Ma se i coni li vendono mi son detta perché non farceli noi pure quelli??? In fondo se facciamo il gelato….
come li facciamo?
Allora, per fare i coni servono due strumenti: una piastra di cottura e un cono di legno o plastica o metallo per avvolgerli.
Lo confesso che la piastra la avevo comprata lo scorso anno su amazon. Mi era apparsa per caso, stavo acquistando le pappe delle micie e amazon – che mi conosce – me la aveva segnalata. Solo 13 €…..
Avevo resistito BEN 24 ore e poi avevo fatto click, la avevo comprata. Non è nulla di serio, assolutamente non professionale, una specie di giocattolo, ma per l’uso che ne faccio io…. Già troppo avevo speso.
E ricordo che la ho pure usata una volta, rifacendomi ben bene le dita per le ustioni.
Premetto che non esiste una cavolo di istruzione su come usarla, non ci sono ricette in dotazione e nemmeno una vaga idea di quanta pasta mettere sulla piastra per fare una cialda decente.
Ma il vero problema viene dopo ….
Per toglierla dalla piastra non si posson usare palette di plastica o si rischia la fusione, e con quella di metallo sono già riuscita a farle un paio di graffi mannaggia.
E poi va arrotolata. Qua il problema è non fare il cono col buco sul fondo. Senno fa come i cornetti del supermercato che , sarò sfortunata io, mi capitano sempre col fondo spezzato e mi cola il gelato da sotto.
Comunque dopo vari esperimenti qualcosa fuori lo ho cavato. E mi son pure “divertita”
Resta il fatto che alcune parti sono piu cotte (color nocciola direi) e altre meno (stile anemia andante) perché la cottura sulla piastra non è omogenea ma su quello posso farci poco. Cosa volete farci, è un primo prezzo, molto primo….
Come sempre, i primi coni son un mezzo schifo, mentre gli ultimi quasi decenti. E all’inizio ti ustioni le dita, alla fine le mani ormai sono a-termizzate e praticamente potresti metterle sulla crepiera calda…anche se credo che dovrebbero vendere in combinato una pomata Foille x ustioni.
Poi stufa di coni ho provato a fare delle coppette . Queste sono più semplici da realizzare. Basta togliere l’impasto cotto dalla piastra e pressarle in uno stampo a coppetta, tipo quello dei muffin.
E sono buone tanto quanto i coni, croccanti e vanigliate il giusto, e sicuramente più delle coppette di vetro che ho usato fino a ora e a cui siamo tutti abituati….
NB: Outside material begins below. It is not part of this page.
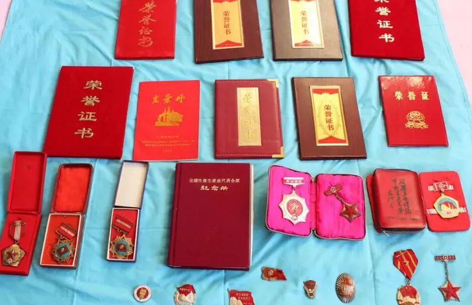胡金玲获得的荣誉证书和奖章。

Certo il risultato non è da urlo esteticamente parlando ma come gusto sono spaziali. E poi diciamolo: alla prima volta mica tutti possiamo fare dei capolavori no???? E inoltre dopo due ore al caldo china su piastra rovente è già tanto che non mi sono cotta io.
ma la ricetta ce la dici o no???
Ma veniamo a quello che vi interessa, fino a ora vi ho annoiato con mille racconti, a voi quello che “frega” è la ricetta.
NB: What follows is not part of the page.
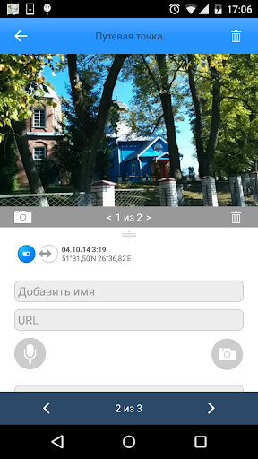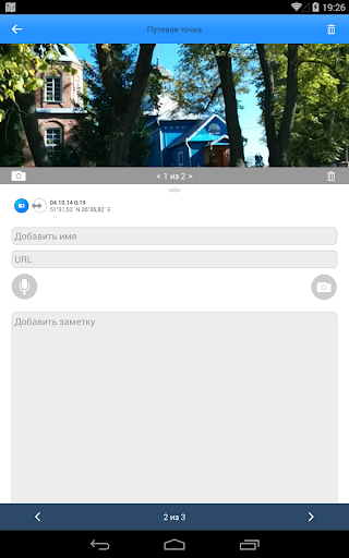 - добавление фотографии-путевой точки в один клик. Возможно автоматически добавить несколько фотографий к одной путевой точке, например, при фотографировании перекрёстков.

Come vi ho detto la piastra è venduta nuda: arrangiati per farla breve.
Io ho fatto un po’ di ricerche in libri e internet sia italiani che stranieri e ne ho tirato fuori una “mia” che vi lascio.
La ricetta è valida, funziona, è buona, tiene bene la cottura e se poi mettete i coni in una scatola ermetica durano come i biscotti anche un paio di settimane.
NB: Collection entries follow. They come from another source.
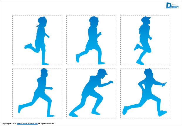 フリー、無料で使える徒競走する子供のシルエット画像です。パワーポイントPPTX形式、PNG形式画像で作成しています。制作は主に図形機能を使っています。白黒シルエットとカラーシルエットの2パターン作成しています。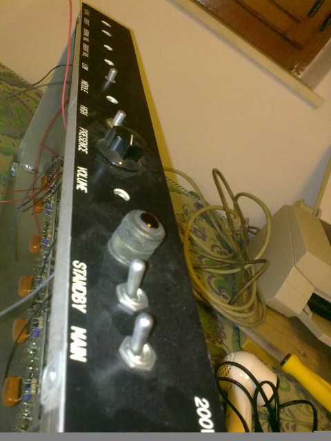 Amplificatore iniziato e mai terminato Hiwatt 200W, lo stavo costruendo assieme ad un collega che suona il basso nei ritagli di tempo (siamo entrambi tecnici elettronici), ma i ritagli erano così pochi che lui ha fatto in tempo ad andare in pensione.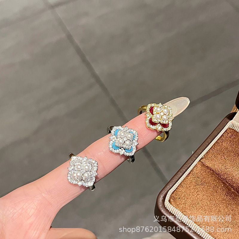 Vintage Exquisite Light Luxury High-End Enamel Ring Index Finger Clover Versatile Stylish Niche Ring from Xiaohongshu

Il problema è come sempre la cottura: quanto è valida la cialdiera, quanto scalda e se scalda in modo uniforme. E poi ovviamente a fare il risultato è la velocità con cui arrotolate e se riuscite a chiudere bene lati e punta sul fondo.
Quindi se le foto vi paiono dei mezzi cessi è colpa mia, della mia scarsa manualità, ma vi garantisco ci ho rimesso 10 dita di ustioni….
Vi faccio notare che se cercate su google il 90% delle ricette parte da uova e latte. La cosa non è del tutto corretta. In genere nelle cialde se le si vuole croccanti le uova sono assenti, e si usano invece olio e acqua.
Io ho cercato anche in un vecchio testo dell’Artusi che mi ricordavo ne parlava.
Nel capitolo relativo lui le chiama CIALDONI e sono proprio le nostre cialde, scaldate su una piastra rovente…
“Ponete sopra il fornello medio della cucina a gas, a fiamma basso, il ferro da cialde e oliatelo col pennello da tutt’e due le parti.
Fate scaldare bene e quando è ben caldo apritelo e versatevi sopra ogni volta mezza cucchiaiata abbondante della pastella. L’operazione della pennellatura di olio è da farsi adogni cialda.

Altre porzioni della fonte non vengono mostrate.